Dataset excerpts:
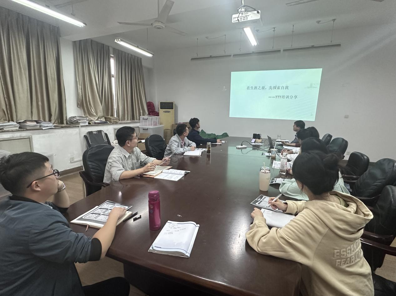 随后,辅导员陆昳琴分享了她参与TTT(Training the Trainer to Train)培训的课程内容和实用工具。陆昳琴详细介绍了培训中的互动式教学方法和参与式学习策略,并分享了此次培训的心得体会。
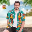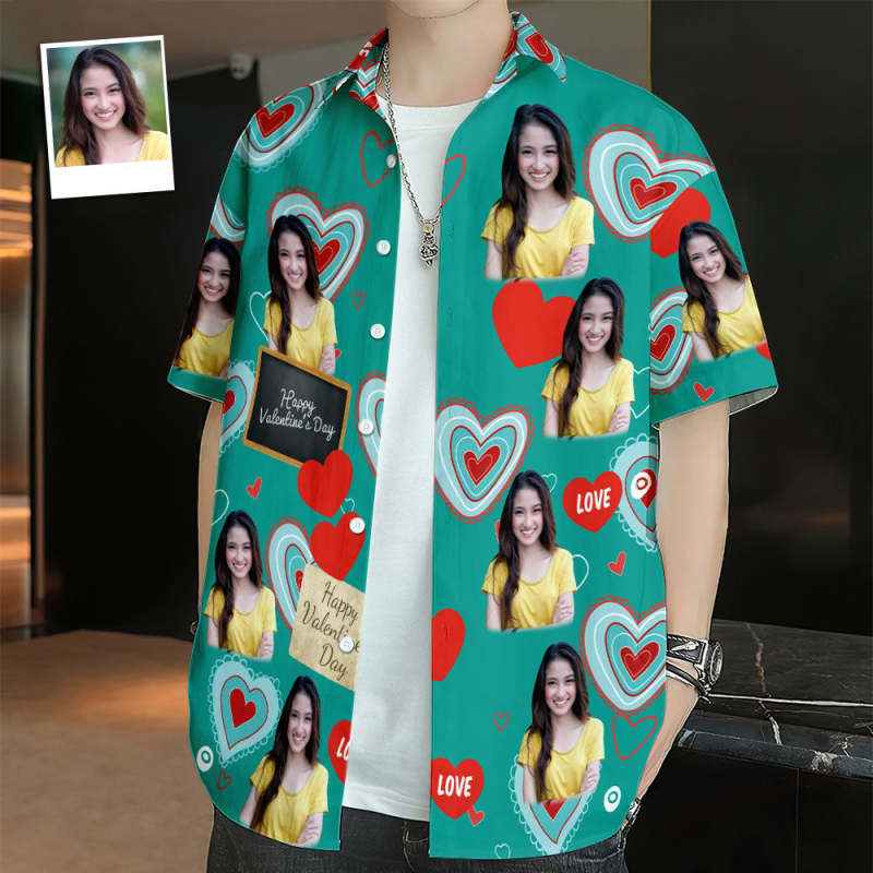 カスタムフォトアロハシャツ-お好きな写真入り可能なオリジナルバレンタインアロハシャツ - 甘いハート柄グリーン
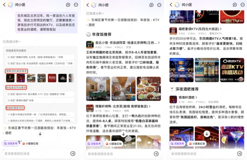 嵌入美团主App的“问小团”,仍停留在问答辅助的初级阶段,未达到任务执行层面。
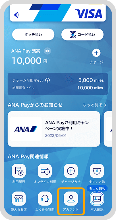 ANA Payにマイルをチャージする場合はメインカードでのログインが必要です。
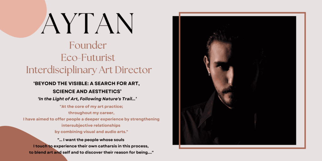 Today, Aytan Art is a synthesis of these two worlds: the activist spirit I carried from the Greenpeace field and the aesthetic mastery I honed on stage. I realised that true ‘catharsis’ (purification) is possible not only through emotional release but also by reconnecting with our biological roots and the ecosystem we are part of. In my visual works, I now seek the light of renewable energy and the textures of the living world. In sound design, I listen to the frequencies of nature. In design, I embrace an ecological approach that transforms waste into art (upcycling) and interprets genetic data in an aesthetic language.
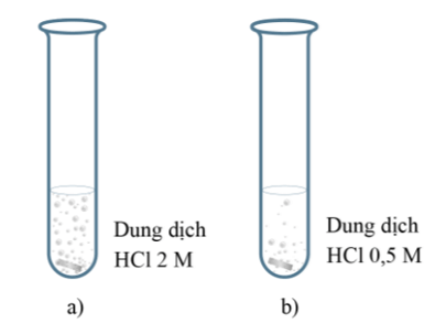 Thí nghiệm: Cho hai mảnh Mg có cùng khối lượng vào hai ống nghiệm chứa cùng thể tích dung dịch HCl dư, nồng độ dung dịch HCl ở mỗi ống nghiệm lần lượt là 2M (thí nghiệm (a)) và 0,5M (thí nghiệm (b)):
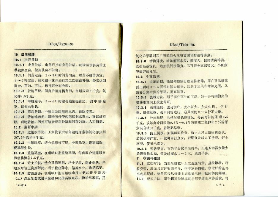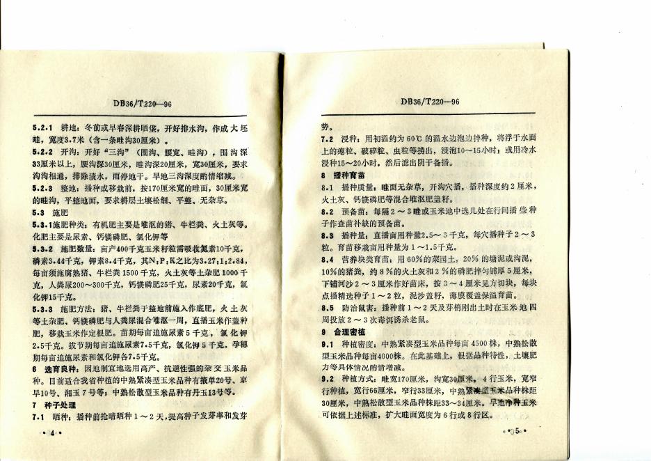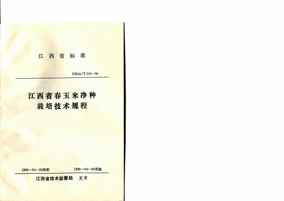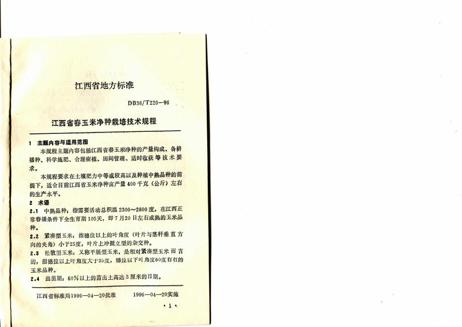 DB36/T 220-1996 江西省春玉米净种栽培技术规程
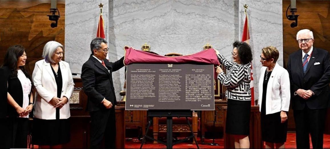 此前一天,加拿大联邦参议院于6月23日举行官方纪念活动,总督西蒙、参议院议长加涅(Raymonde Gagne)、联邦国际贸易部长伍凤仪(Mary Ng)等出席,并为《排华法案》100周年纪念牌匾揭幕。

*TASK BRIEF*
Give again, please, precisely the lines that begin the records and run through the line with "ANA Payにマイルをチャージする場合はメインカードでのログインが必要です。" in it, keeping both end lines and dropping any pictures.

*PROBLEM SOLUTION*
 随后,辅导员陆昳琴分享了她参与TTT(Training the Trainer to Train)培训的课程内容和实用工具。陆昳琴详细介绍了培训中的互动式教学方法和参与式学习策略,并分享了此次培训的心得体会。
 カスタムフォトアロハシャツ-お好きな写真入り可能なオリジナルバレンタインアロハシャツ - 甘いハート柄グリーン
 嵌入美团主App的“问小团”,仍停留在问答辅助的初级阶段,未达到任务执行层面。
 ANA Payにマイルをチャージする場合はメインカードでのログインが必要です。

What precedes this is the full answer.